_Your instructions_
Only the lines below between the one holding "Velste Frilled Neck" and the one holding "生徒たちはイベントで小学生に", inclusive, are to be reproduced word for word; the pictures are to be left out.

_Supplied material_
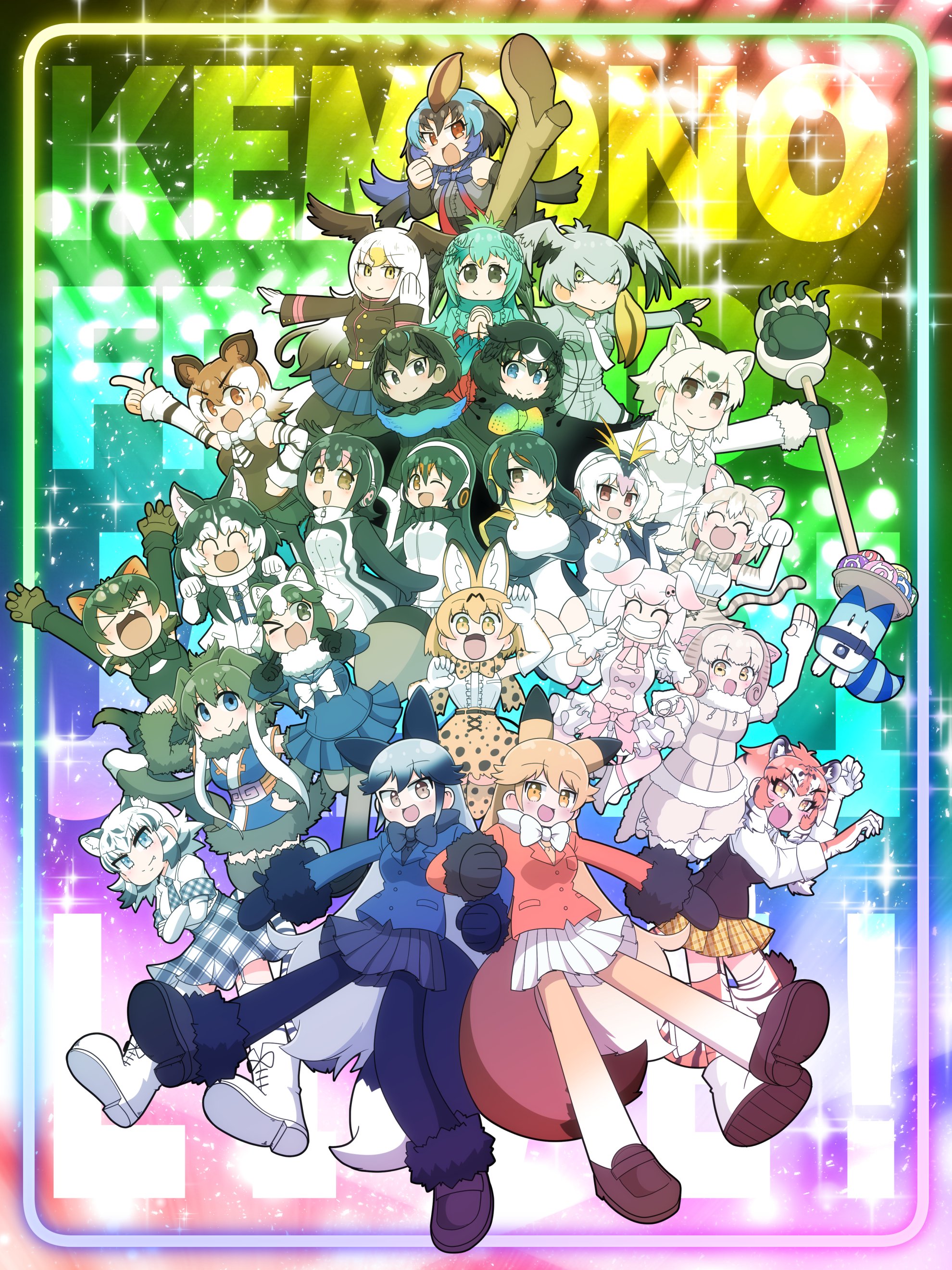 6+girls absurdres animal_ears bald_eagle_(kemono_friends) black_hair blonde_hair blue_hair brown_hair cat_(kemono_friends) emperor_penguin_(kemono_friends) extra_ears ezo_red_fox_(kemono_friends) feathered_wings food gentoo_penguin_(kemono_friends) green_hair grey_hair hachikuji_kenuta head_wings highres humboldt_penguin_(kemono_friends) japari_bun kemono_friends long_hair looking_at_viewer lucky_beast_(kemono_friends) mammoth_(kemono_friends) multiple_girls okapi_(kemono_friends) orange_hair pig_(kemono_friends) pink_hair polar_bear_(kemono_friends) resplendent_quetzal_(kemono_friends) royal_penguin_(kemono_friends) serval_(kemono_friends) sheep_(kemono_friends) shoebill_(kemono_friends) short_hair siberian_husky_(kemono_friends) siberian_tiger_(kemono_friends) silver_fox_(kemono_friends) southern_cassowary_(kemono_friends) superb_bird-of-paradise_(kemono_friends) tail tanuki_(kemono_friends) tasmanian_devil_(kemono_friends) western_parotia_(kemono_friends) white_hair white_tiger_(kemono_friends) wings
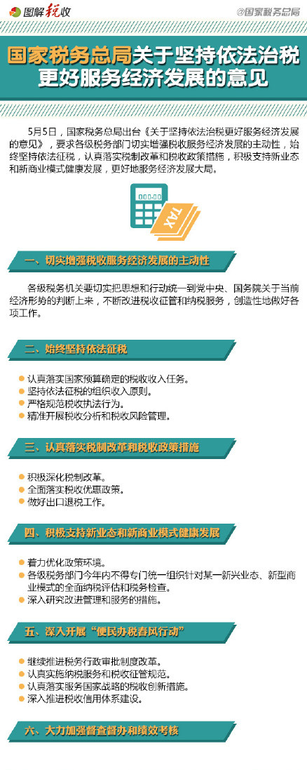 5月5日,税务总局出台《关于坚持依法治税更好服务经济发展的意见》,要求各级税务部门增强服务经济发展主动性,坚持依法征税,认真落实税制改革和税收政策措施,更好服务经济发展大局。《意见》有哪些干货,一图了解↓
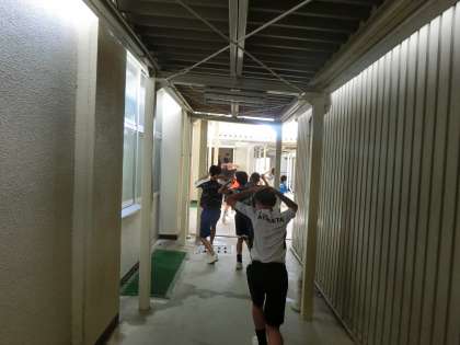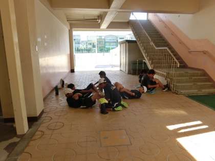 サッカー部、テニス部は、廊下やピロティーでトレーニングです。
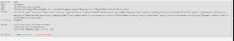 世界肺癌大會(huì)(WCLC)是世界上最大的致力于肺癌和其他胸部惡性腫瘤的會(huì)議,有來自100多個(gè)國家的超過7,000名與會(huì)者代表,共同討論胸部惡性腫瘤研究的最新進(jìn)展。2017年世界肺癌大會(huì)將于10月15日在日本橫濱召開,屆時(shí)程穎院長會(huì)在壁報(bào)現(xiàn)場向世界各國與會(huì)專家介紹洛鉑研究結(jié)果。
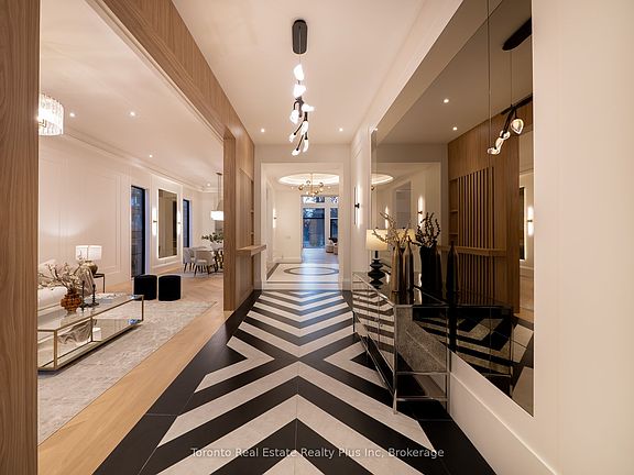Welcome to 1160 Mona Rd, a masterpiece years in the making, crafted with dedication, vision, and meticulous attention to detail. Set backing onto Kenollie Creek in the heart of sought after Mineola West, and a commuter's dream with a 3 minute walk to the GO Train platform, this custom estate blends modern transitional architecture with warm natural materials to create a sanctuary of comfort, elegance, and timeless design. Offering 9200 sq. ft. of living space, the home features grand ceiling heights, natural stone elements, and thoughtfully curated finishes that establish an atmosphere of quiet luxury. The chef inspired kitchen centres around an impressive extra wide island and includes a fully functional separate chef's kitchen, ideal for entertaining at any scale. Elegant living areas transition seamlessly to the outdoors. The resort style primary retreat offers boutique dressing rooms, a spa ensuite, and a large private balcony overlooking the estate. The lower level includes a gym, rec room, movie theatre, full spa, private office, an in law suite, and a nanny suite with its own separate entrance, along with walkout access to the landscaped grounds. Outdoors, the property becomes a private resort with a shimmering saltwater pool and Jacuzzi, an outdoor cooking station with fireplace, a heated and cooled cabana with optional kitchen and bathroom, and a professional multi sport court with lighting for basketball, pickleball, volleyball, and badminton, all embraced by serene conservation views. The garage is prepared for a future car elevator, allowing flexible expansion of vehicle storage. With driveway parking for 6 to 8 cars and thoughtful smart home integration, the estate balances luxury, practicality, and forward thinking design.
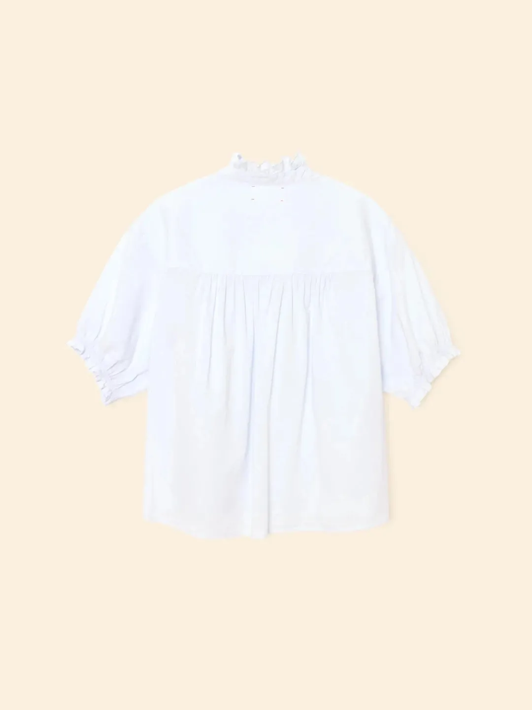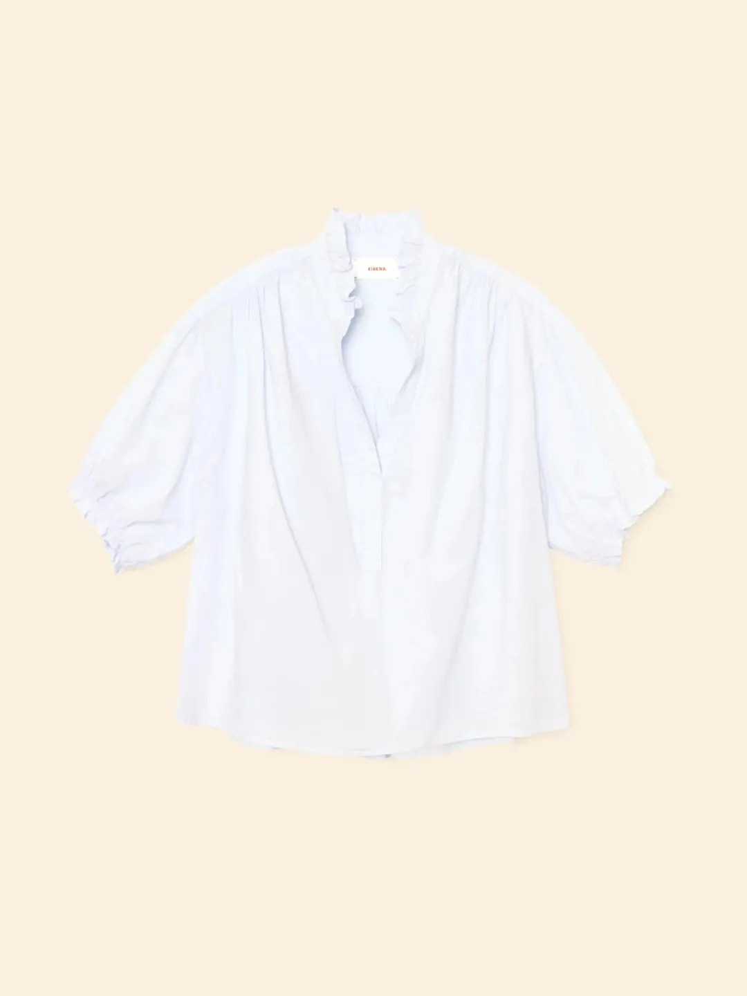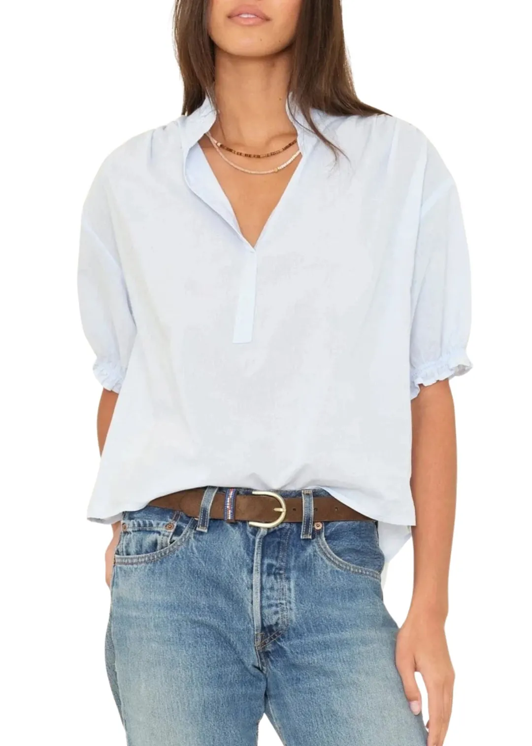 For the Frill of it. Our bestselling Cam top is updated this season in our classic lightweight woven cotton poplin for a lived-in look and feel. Cam is an easy popover top with a ruffled V-neck and sleeve cuffs, back pleats, and high low shirttail hem.
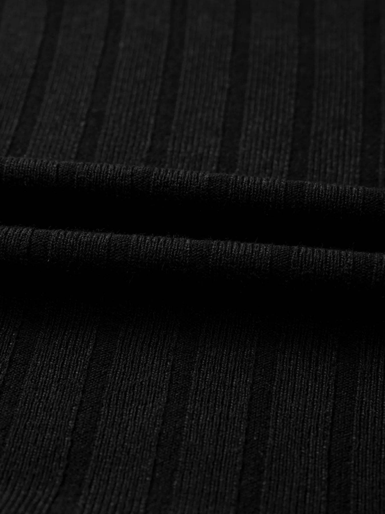 Velste Frilled Neck Ribbed Knit Patchwork Long Sleeve Mini Dress
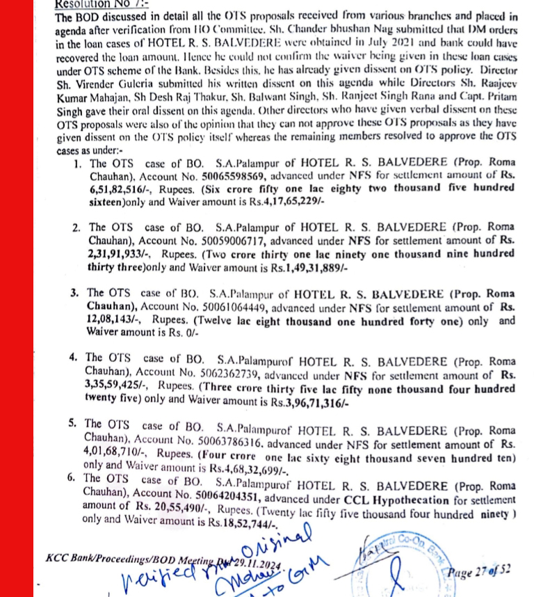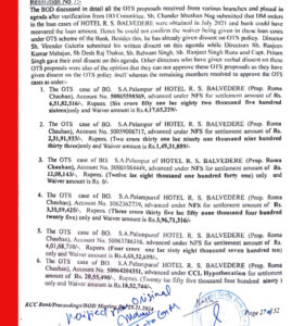 इस होटल के मामले को इस तरह से ओटीएस के तहत निपटाने का बैंक के कई निदेशकों ने विरोध किया था। इनमें से कइयों ने लिखित में अपना विरोध दर्ज कराया था जबकि कइयों ने मौखिक तौर पर विरोध दर्ज कराया था। विरोध का ये खुलासा बैंक के निदेशक मंडल की हुई बैठक की 29 नंवबर 2024 की प्रोसीडिंग्स में दर्ज हैं।
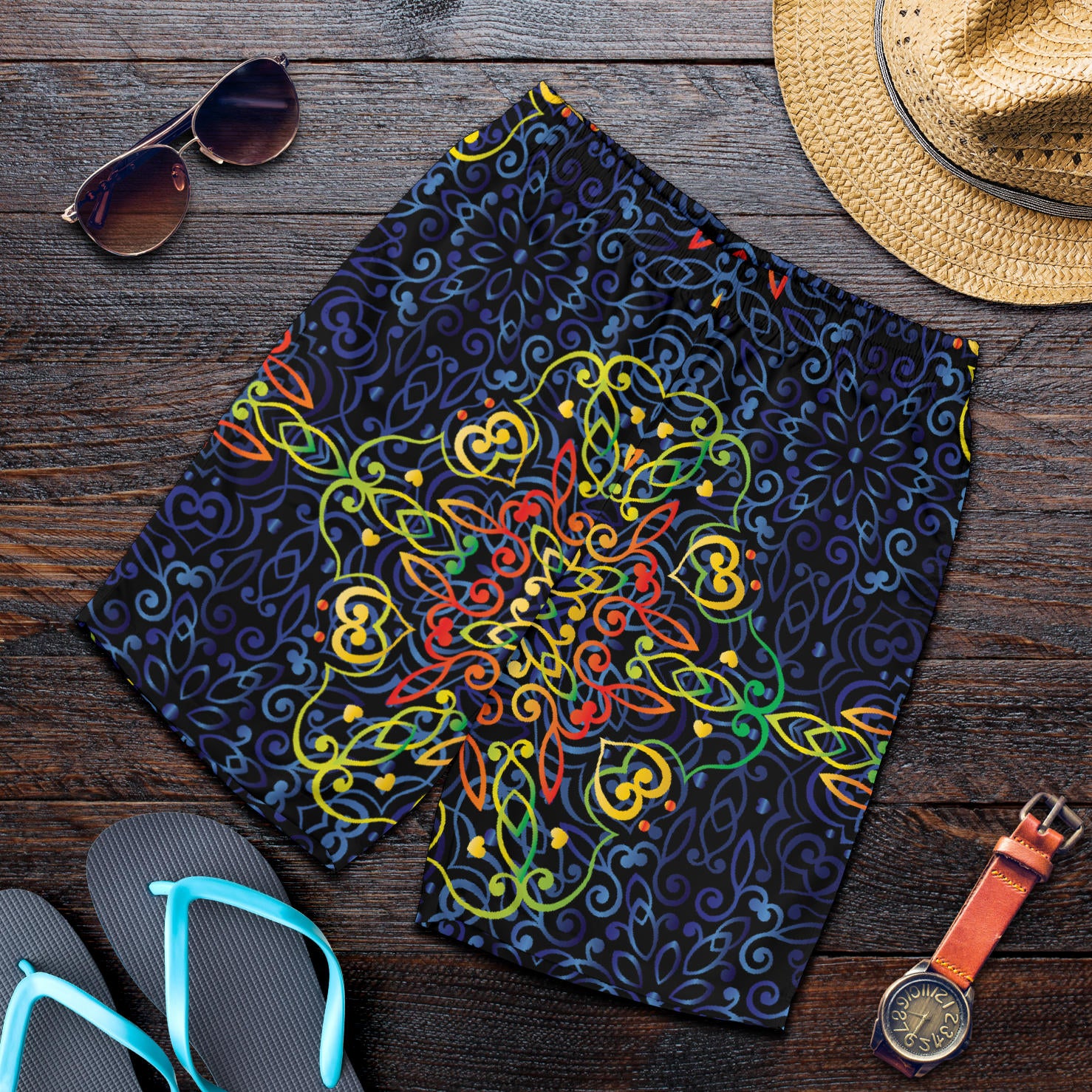 Glowing Rasta Mandala Men's Shorts
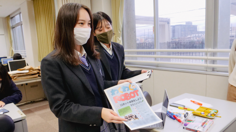 生徒たちはイベントで小学生に体験してもらう内容を考えるだけでなく、宣伝チラシ制作、動画制作、司会と台本の作成、写真撮影の4グループで役割分担をしました。さまざまな役割があるので、例えば「ロボットにはあまり興味がないけれど、動画は好き」という生徒も楽しんで取り組めます。
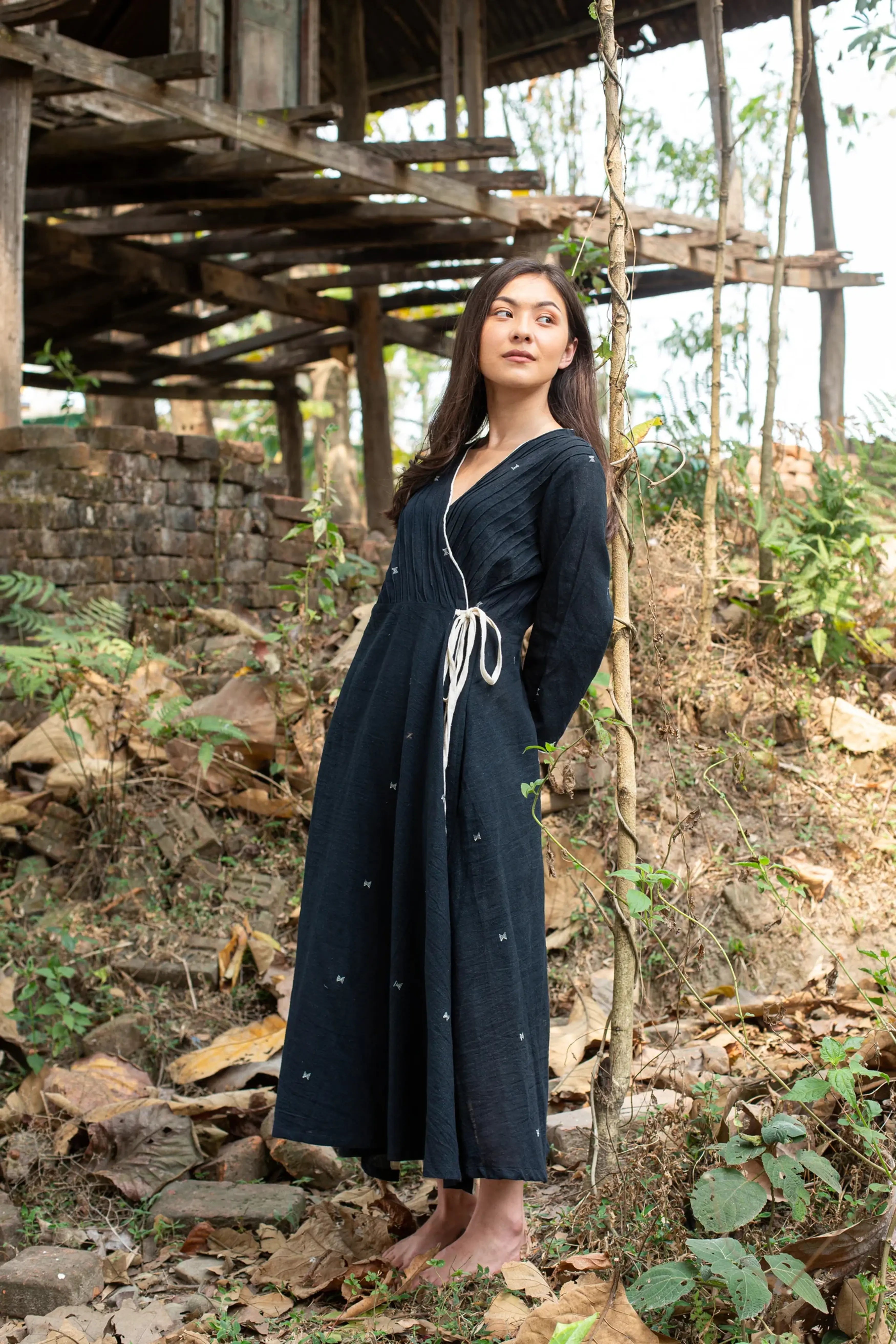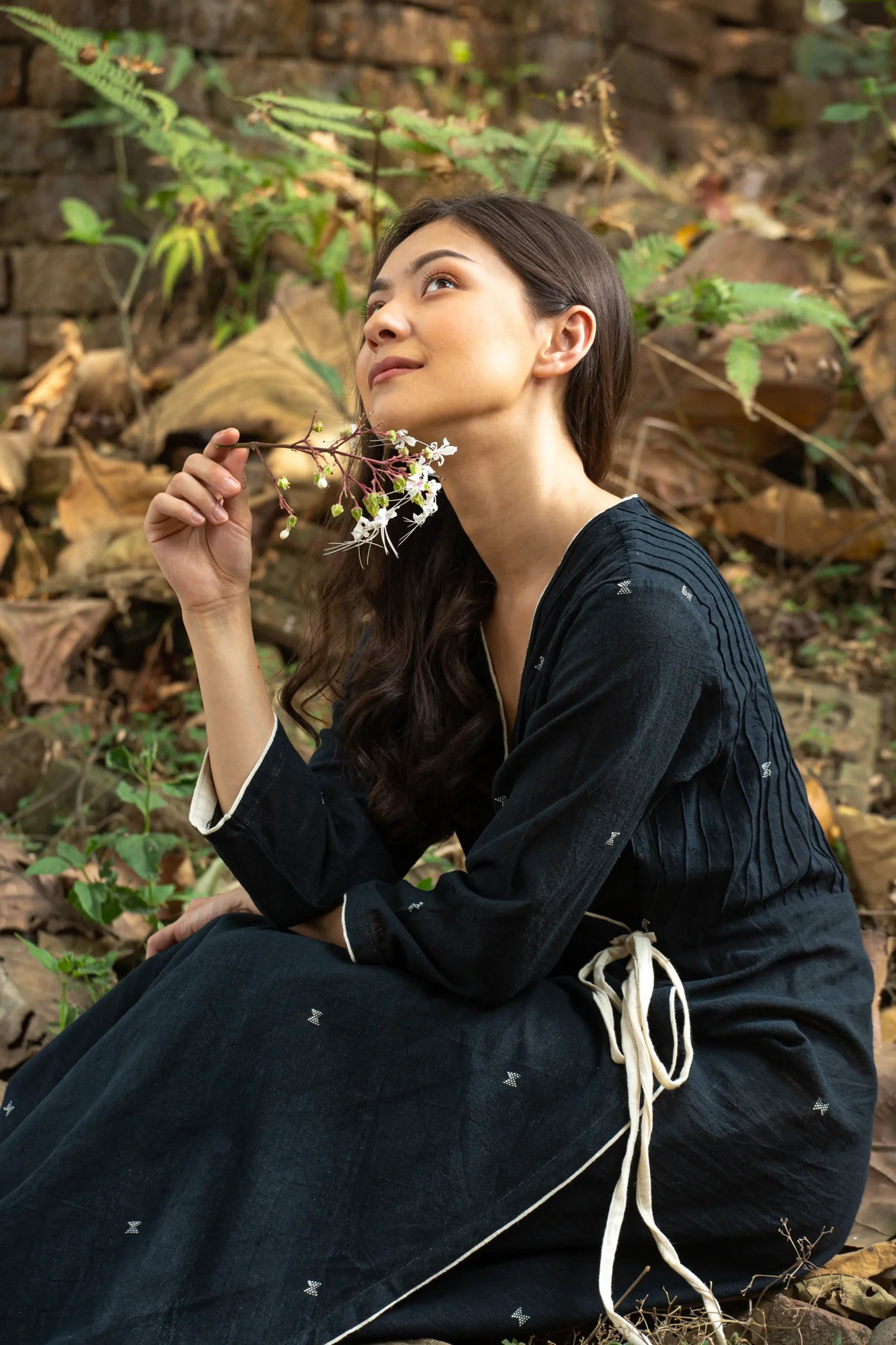 The Tiri Tiri dress is a black wrap-style dress that falls to a midi length, reaching just below the knees. A key feature is the intricate **pintex detailing** on the left side of the bodice, creating a pleated texture. The dress has long sleeves and features delicate **Kutchi buti** (small embroidered motifs) scattered across the bodice. It is cinched at the waist with a **contrasting beige tie belt**, which wraps around the body and ties in a bow at the waist, adding a pop of color to the otherwise neutral garment. The neckline is a classic V-neck, created by the wrap style. The overall aesthetic is elegant and comfortable.
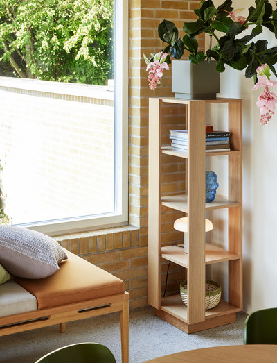Introducing the Merge Shelf Unit, an esteemed addition to the well-loved Merge family, beautifully crafted from elegant natural oak veneer. Embrace your environmental ethos with this piece made from FSC-certified wood, ideally suited for interiors arranged with care and consideration. Not merely a functional storage option, this unit serves as a sculptural centrepiece, perfect for fitting neatly into a corner or segmenting spaces within a room. Additionally, its captivating side designs add a hint of intrigue, elevating any living area with both style and practicality.

_Answer to this task_
 Velste Frilled Neck Ribbed Knit Patchwork Long Sleeve Mini Dress
 इस होटल के मामले को इस तरह से ओटीएस के तहत निपटाने का बैंक के कई निदेशकों ने विरोध किया था। इनमें से कइयों ने लिखित में अपना विरोध दर्ज कराया था जबकि कइयों ने मौखिक तौर पर विरोध दर्ज कराया था। विरोध का ये खुलासा बैंक के निदेशक मंडल की हुई बैठक की 29 नंवबर 2024 की प्रोसीडिंग्स में दर्ज हैं।
 Glowing Rasta Mandala Men's Shorts
 生徒たちはイベントで小学生に体験してもらう内容を考えるだけでなく、宣伝チラシ制作、動画制作、司会と台本の作成、写真撮影の4グループで役割分担をしました。さまざまな役割があるので、例えば「ロボットにはあまり興味がないけれど、動画は好き」という生徒も楽しんで取り組めます。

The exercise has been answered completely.